Work task:
Starting at the line below that contains "Heavy Embroidered With" and ending at the line that contains "Les élèves de", retype each line exactly as it stands, but omit the pictures.

Provided records:

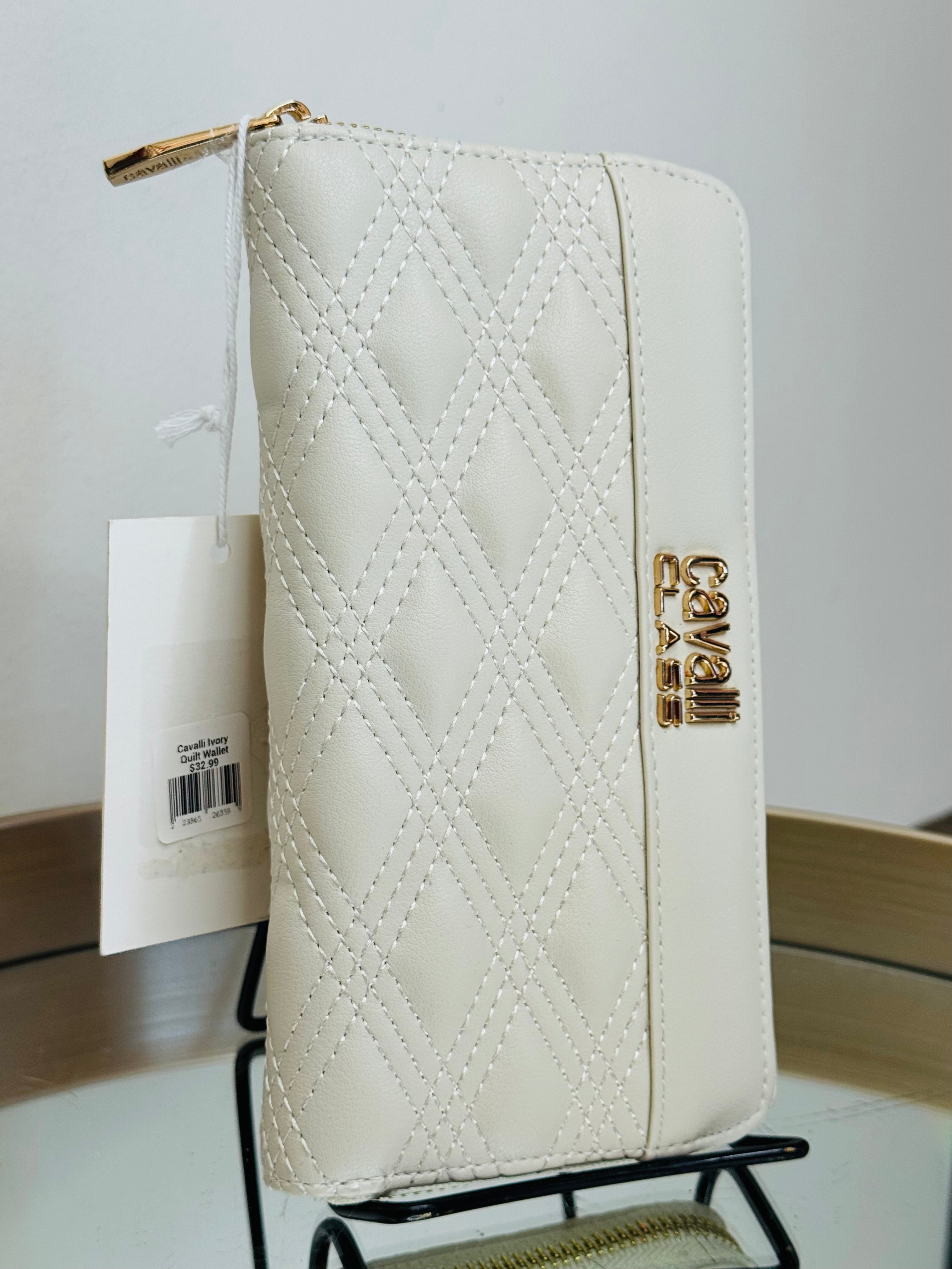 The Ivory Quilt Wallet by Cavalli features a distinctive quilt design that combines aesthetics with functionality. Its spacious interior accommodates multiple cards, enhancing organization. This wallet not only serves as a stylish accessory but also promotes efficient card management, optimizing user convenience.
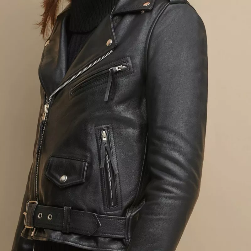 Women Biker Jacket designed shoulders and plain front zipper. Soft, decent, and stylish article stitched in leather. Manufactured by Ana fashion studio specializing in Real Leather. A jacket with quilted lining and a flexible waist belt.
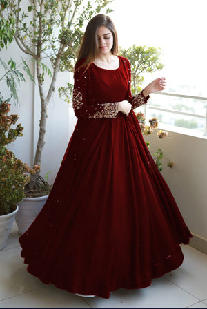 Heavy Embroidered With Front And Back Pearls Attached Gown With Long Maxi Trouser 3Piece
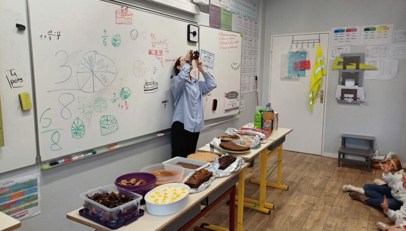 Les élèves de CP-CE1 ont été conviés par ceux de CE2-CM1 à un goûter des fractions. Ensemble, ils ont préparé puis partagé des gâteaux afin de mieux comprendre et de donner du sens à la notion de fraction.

...

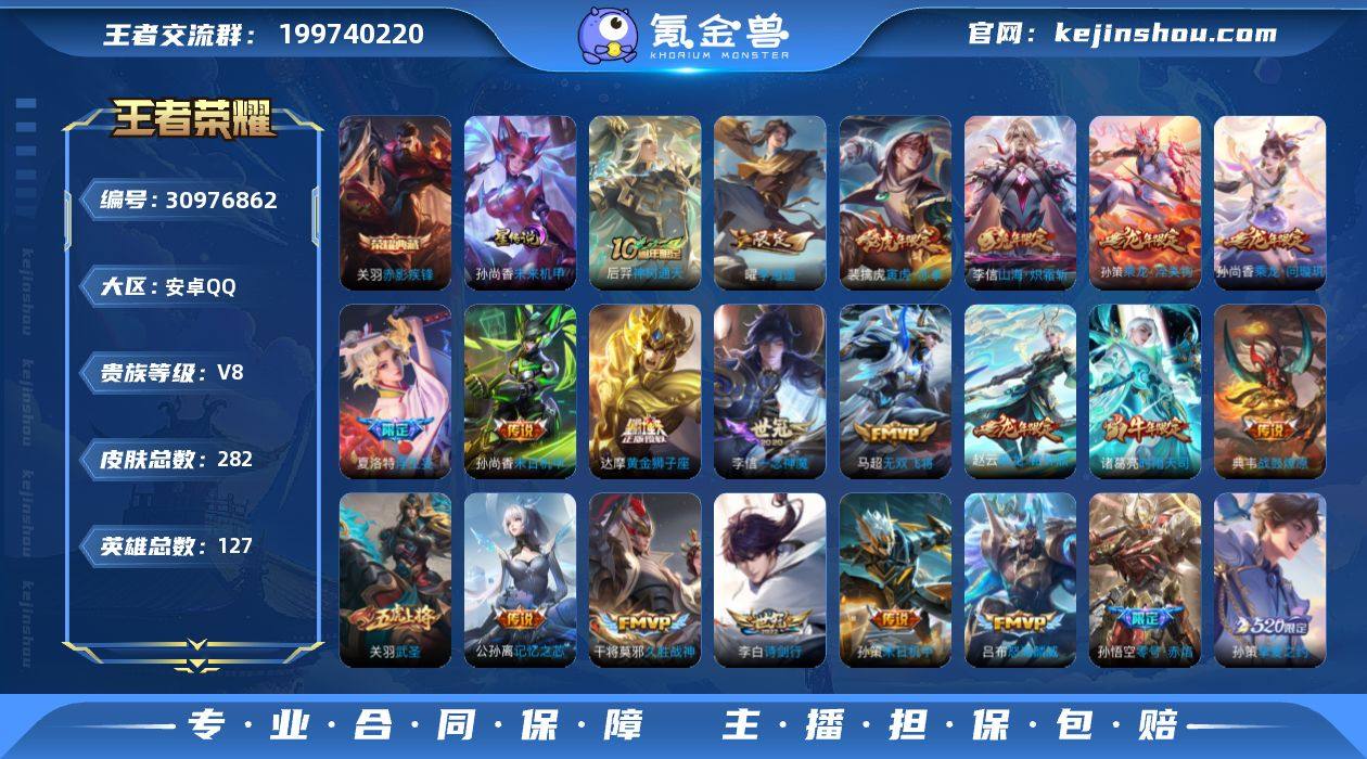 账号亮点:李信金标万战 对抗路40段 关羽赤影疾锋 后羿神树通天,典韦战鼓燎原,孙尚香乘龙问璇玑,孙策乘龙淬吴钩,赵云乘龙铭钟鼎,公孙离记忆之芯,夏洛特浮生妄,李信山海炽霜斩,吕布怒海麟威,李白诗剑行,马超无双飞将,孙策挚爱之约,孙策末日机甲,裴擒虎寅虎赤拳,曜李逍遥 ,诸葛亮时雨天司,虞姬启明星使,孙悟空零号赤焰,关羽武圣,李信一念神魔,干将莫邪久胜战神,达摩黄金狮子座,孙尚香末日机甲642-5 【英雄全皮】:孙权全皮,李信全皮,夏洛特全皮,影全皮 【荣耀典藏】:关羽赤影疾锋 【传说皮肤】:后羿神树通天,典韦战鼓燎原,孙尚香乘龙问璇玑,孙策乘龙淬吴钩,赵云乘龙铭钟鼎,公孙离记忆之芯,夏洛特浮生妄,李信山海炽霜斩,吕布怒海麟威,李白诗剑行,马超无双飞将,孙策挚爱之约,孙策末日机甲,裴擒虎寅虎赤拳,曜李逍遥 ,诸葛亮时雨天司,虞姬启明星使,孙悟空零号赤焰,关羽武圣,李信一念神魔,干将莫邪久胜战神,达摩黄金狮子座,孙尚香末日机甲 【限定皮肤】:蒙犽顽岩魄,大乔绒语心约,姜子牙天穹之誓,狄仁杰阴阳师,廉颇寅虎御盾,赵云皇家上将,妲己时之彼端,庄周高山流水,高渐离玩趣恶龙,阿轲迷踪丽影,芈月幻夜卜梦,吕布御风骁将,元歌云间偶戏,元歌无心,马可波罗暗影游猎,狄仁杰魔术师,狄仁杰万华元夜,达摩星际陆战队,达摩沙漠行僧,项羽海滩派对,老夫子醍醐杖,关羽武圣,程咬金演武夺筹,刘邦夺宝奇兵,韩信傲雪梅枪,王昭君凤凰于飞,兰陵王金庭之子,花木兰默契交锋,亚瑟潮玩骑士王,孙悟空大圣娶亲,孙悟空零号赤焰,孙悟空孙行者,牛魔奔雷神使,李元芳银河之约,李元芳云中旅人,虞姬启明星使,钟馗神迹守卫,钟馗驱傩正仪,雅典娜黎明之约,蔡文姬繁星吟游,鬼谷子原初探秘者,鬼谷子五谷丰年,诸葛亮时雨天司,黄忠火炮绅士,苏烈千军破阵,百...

Result of the task:
 Heavy Embroidered With Front And Back Pearls Attached Gown With Long Maxi Trouser 3Piece
 Les élèves de CP-CE1 ont été conviés par ceux de CE2-CM1 à un goûter des fractions. Ensemble, ils ont préparé puis partagé des gâteaux afin de mieux comprendre et de donner du sens à la notion de fraction.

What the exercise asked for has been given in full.